*Entries taken from a collection*:
[Start of section]

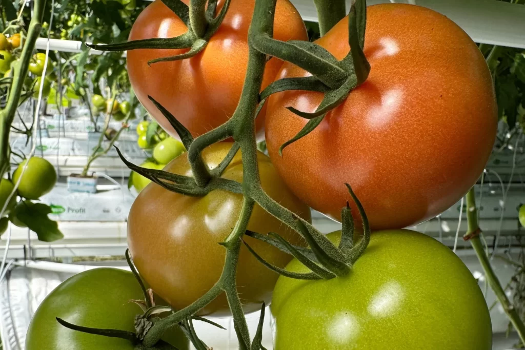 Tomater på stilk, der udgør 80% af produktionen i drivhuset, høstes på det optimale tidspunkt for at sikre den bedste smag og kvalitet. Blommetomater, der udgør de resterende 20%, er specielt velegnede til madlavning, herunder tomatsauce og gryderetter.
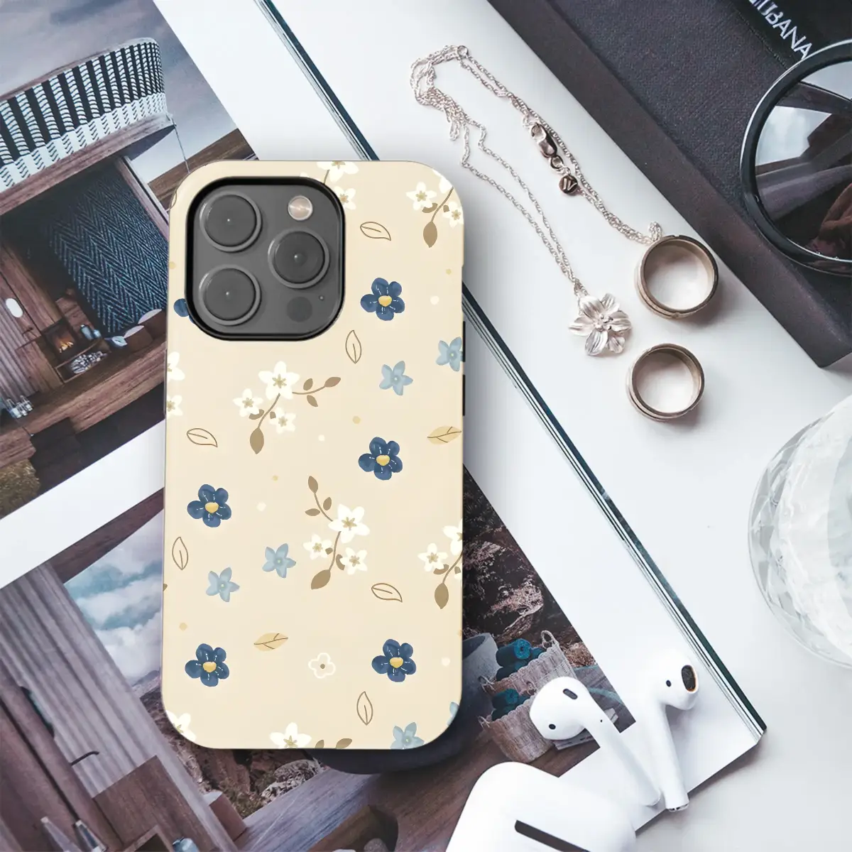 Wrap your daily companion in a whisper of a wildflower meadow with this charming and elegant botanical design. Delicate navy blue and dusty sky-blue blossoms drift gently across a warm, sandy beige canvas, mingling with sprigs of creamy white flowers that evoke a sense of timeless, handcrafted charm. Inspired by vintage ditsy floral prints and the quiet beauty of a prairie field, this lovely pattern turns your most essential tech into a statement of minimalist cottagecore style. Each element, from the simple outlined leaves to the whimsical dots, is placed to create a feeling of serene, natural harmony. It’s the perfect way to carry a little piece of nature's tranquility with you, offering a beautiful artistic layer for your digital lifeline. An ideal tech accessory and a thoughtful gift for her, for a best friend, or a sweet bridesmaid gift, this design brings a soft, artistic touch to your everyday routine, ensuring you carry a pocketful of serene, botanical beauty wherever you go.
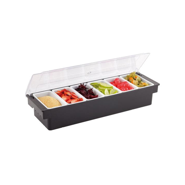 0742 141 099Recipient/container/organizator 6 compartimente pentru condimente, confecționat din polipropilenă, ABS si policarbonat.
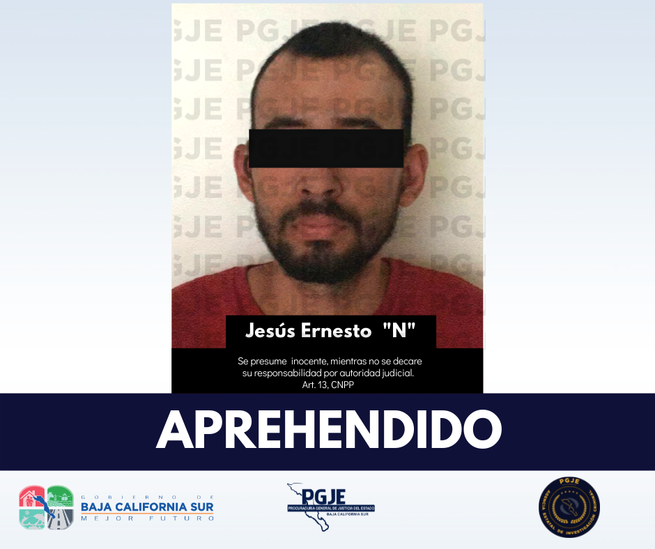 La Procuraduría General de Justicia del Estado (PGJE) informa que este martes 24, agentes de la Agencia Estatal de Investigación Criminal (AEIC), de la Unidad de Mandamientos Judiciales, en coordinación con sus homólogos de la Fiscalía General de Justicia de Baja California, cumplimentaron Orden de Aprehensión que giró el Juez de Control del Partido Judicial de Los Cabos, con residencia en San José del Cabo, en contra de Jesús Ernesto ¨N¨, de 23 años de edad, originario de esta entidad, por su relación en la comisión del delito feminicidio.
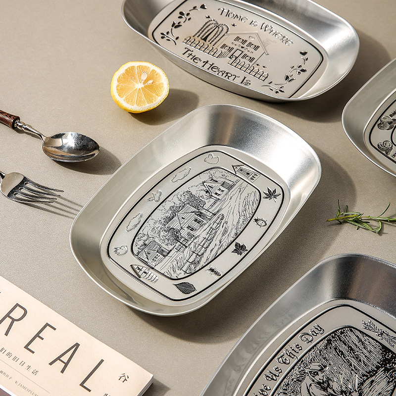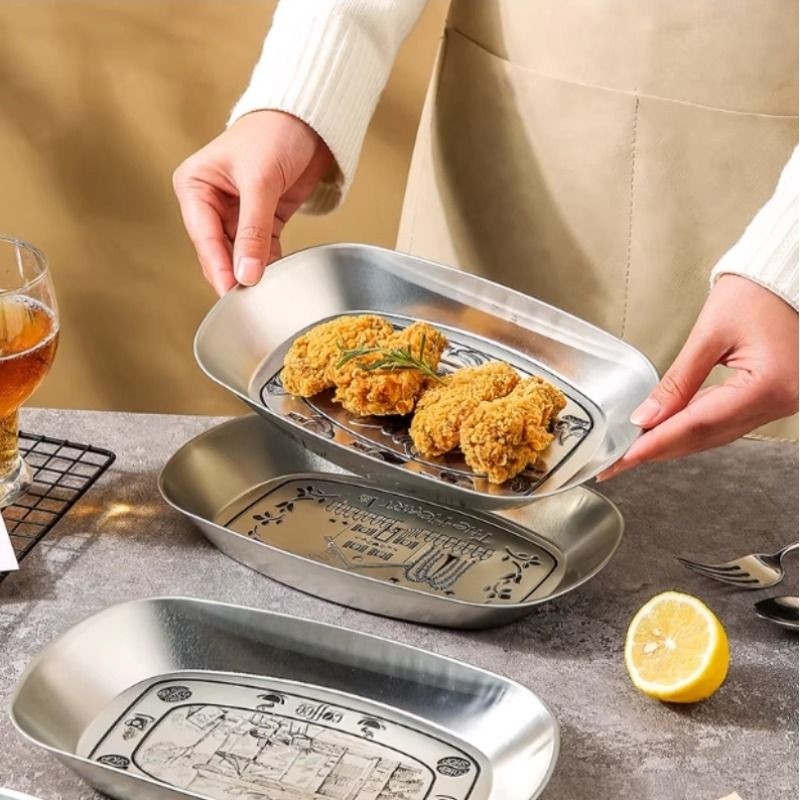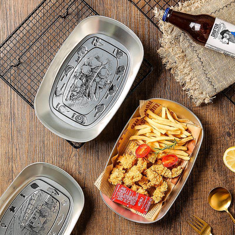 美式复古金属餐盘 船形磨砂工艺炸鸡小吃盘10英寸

[End of section]

*DIRECTIONS FOR THIS TASK*:
Give again, word for word, every line from the top of the data above to the line holding "0742 141 099Recipient/container/organizator", inclusive, with the pictures left out.

*SOLUTION TO THIS TASK*:
 Tomater på stilk, der udgør 80% af produktionen i drivhuset, høstes på det optimale tidspunkt for at sikre den bedste smag og kvalitet. Blommetomater, der udgør de resterende 20%, er specielt velegnede til madlavning, herunder tomatsauce og gryderetter.
 Wrap your daily companion in a whisper of a wildflower meadow with this charming and elegant botanical design. Delicate navy blue and dusty sky-blue blossoms drift gently across a warm, sandy beige canvas, mingling with sprigs of creamy white flowers that evoke a sense of timeless, handcrafted charm. Inspired by vintage ditsy floral prints and the quiet beauty of a prairie field, this lovely pattern turns your most essential tech into a statement of minimalist cottagecore style. Each element, from the simple outlined leaves to the whimsical dots, is placed to create a feeling of serene, natural harmony. It’s the perfect way to carry a little piece of nature's tranquility with you, offering a beautiful artistic layer for your digital lifeline. An ideal tech accessory and a thoughtful gift for her, for a best friend, or a sweet bridesmaid gift, this design brings a soft, artistic touch to your everyday routine, ensuring you carry a pocketful of serene, botanical beauty wherever you go.
 0742 141 099Recipient/container/organizator 6 compartimente pentru condimente, confecționat din polipropilenă, ABS si policarbonat.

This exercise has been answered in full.